Непосредственный герой и предмет воспоминаний Крюкова был арестован в октябре 1937 года. Особое совещание без суда и следствия осудило Доватура к лишению свободы на десять лет. Позднее, вспоминая годы, проведенные в лагере, Аристид Иванович неизменно замечал: «Я находился там в очень приличном обществе, но слишком продолжительное время». По отбытии срока ему было запрещено въезжать в Ленинград и определено место поселения в Луге, где он долго хранил большую конторскую книгу, куда записывались цифры, означавшие денежные переводы от видных коллег-учёных. Это в глазах власти их политически дискредитировало, на что они шли сознательно: заповеди интеллигентской солидарности после некоторых колебаний брали верх над страхом перед КГБ. В их число входили В.В.Струве, Д.А.Ольдерогге, И.И. Толстой, Д.П.Каллистов, т.е. значительная часть гуманитарной элиты учёного мира Ленинграда.

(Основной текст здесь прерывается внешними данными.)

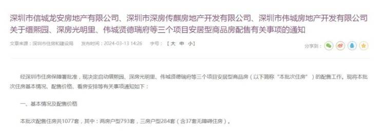 3月13日,深圳市住房保障署发布了缙熙园、深房光明里、伟城贤德瑞府等三个项目安居型商品房的配售通告。
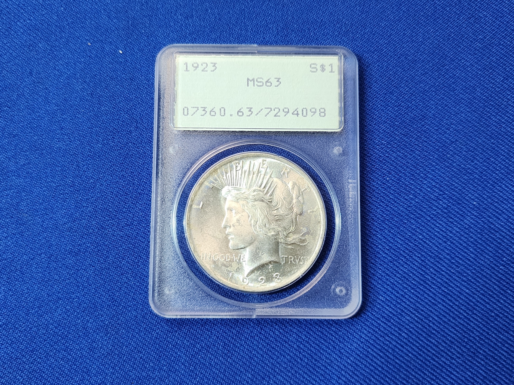 1923 Silver Peace Dollar Graded PCGS MS 63

Если принять обычное в литературоведении разграничение фабулы и сюжета, фабулой статьи «Два дня» являются факты, относящиеся к похоронам Анны Ахматовой, а сюжетом – отразившаяся в них атмосфера. Фабула явствует непосредственно из текста воспоминаний об этом событии А.С.Крюкова, сюжет предполагает переживание, связанное с противоречием и его преодолением, обрисованными выше. Фабула относится к области объективной культурно-исторической информации, сюжет – к одновременно объективному и неразличимо субъективно переживаемому постижению его культурно-исторического смысла.

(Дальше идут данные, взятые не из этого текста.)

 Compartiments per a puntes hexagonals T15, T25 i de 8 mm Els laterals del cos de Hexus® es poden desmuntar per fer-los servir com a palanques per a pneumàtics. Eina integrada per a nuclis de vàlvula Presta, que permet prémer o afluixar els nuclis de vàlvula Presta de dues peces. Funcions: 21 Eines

Автор текста был в описываемую эпоху студентом филологического факультета Ленинградского университета и его отделения классической филологии. В поле его зрения постоянно входят преподаватели, создавая облик среды. Н.А.Чистякова – автор ряда широко известных публикаций по литературе Древней Греции и Рима и переводов с классических языков. В.М. Жирмунский, член – корреспондент Академии Наук, своего рода классик в области западно-европейского и сравнительного литературоведения. Л.Я.Гинзбург – член Тыняновского семинара 1920-ых годов и историограф ленинградской интеллигенции последующих лет. Д.Е. Максимов – воспреемник и исследователь наследия Александра Блока, близкий его семье. А.И. Доватур – заведующий кафедрой классической филологии ЛГУ учитель автора. За пределами этого академического круга, но в пределах круга, связанного с похоронами Ахматовой, в тексте фигурируют поэты–ленинградцы Всеволод Рождественский и Арсений Тарковский.

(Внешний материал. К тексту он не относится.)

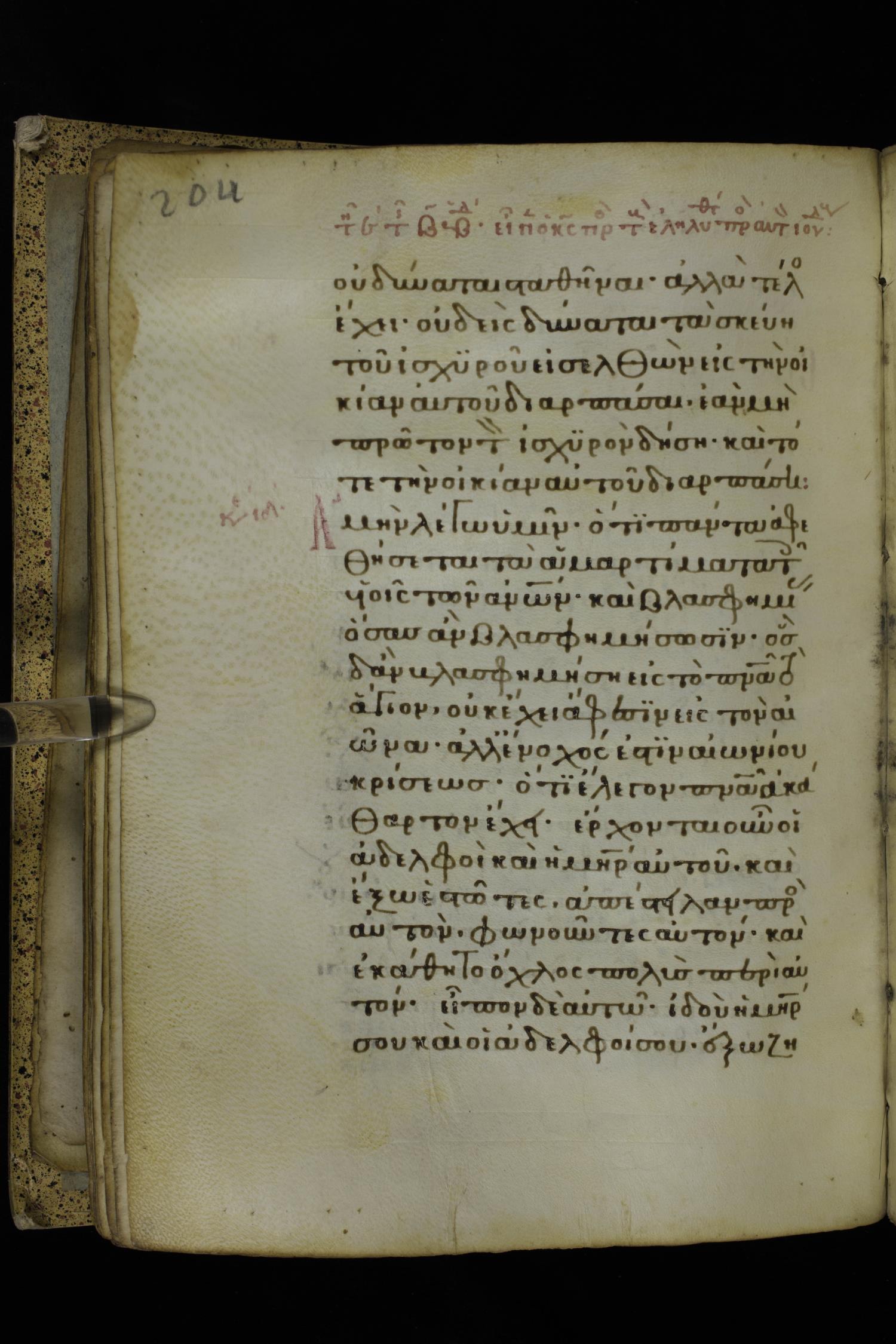 Fourteenth century minuscule of the Gospels on parchment; 332 leaves, 1 column, 21 lines per column. Images were taken at the National Library of Greece in Athens.

Эта среда становится атмосферой и воздухом времени, за счет восприятия описываемого события через реакцию на него власти, с одной стороны, и через восприятие его участниками как поступка в бахтинском смысле слова, с другой. И то и другое отражалось в объективно документированном облике эпохи, что и делает его научно познавательным. Но отражалось оно и в самосознании участников, и в ретроспекции, в нашем современном восприятии, что делает такой облик соответствующим амбивалентным задачам культурно-исторического познания сегодня.

Студенты, решившие ознаменовать событие, стали собирать вокруг него общественное мнение университета. «Зашли в читальный зал, в какие-то кабинеты, на кафедру русской литературы, обошли филфачные коридоры, буфет, проигнорировав кафедру советской литературы. На этих мы не рассчитывали». «По нашим представлениям проводить последнего поэта нашего века должны были достойным образом, или, хотя бы соблюсти приличия. Нет, мы не надеялись увидеть какие-то официальные делегации, но мы надеялись увидеть много людей. От университета не было никого». «У Никольского собора люди начали собираться с девяти утра; никаких официальных объявлений о времени отпевания не было, да и быть не могло. В половине второго чей-то начальственный голос распорядился: «Передайте крышку гроба и быстрее прощайтесь». Начальственный голос подгонял: «Быстрее, быстрее». «В Комарове на кладбище гроб в очередной раз открыли, положили обратно венчик — перед тем как везти на гражданскую панихиду в Дом писателей его снимали. Появился священник. Напряжение и растерянность нарастали. Никто не решался начать. Не берусь утверждать, открывал ли кто-нибудь этот импровизированный митинг, но слово это было произнесено. Сергей Михалков, заикаясь и запинаясь, мямлил что-то по бумажке, что московские писатели не успели попрощаться с Анной Ахматовой, поручив это сделать ему, Сергею Михалкову».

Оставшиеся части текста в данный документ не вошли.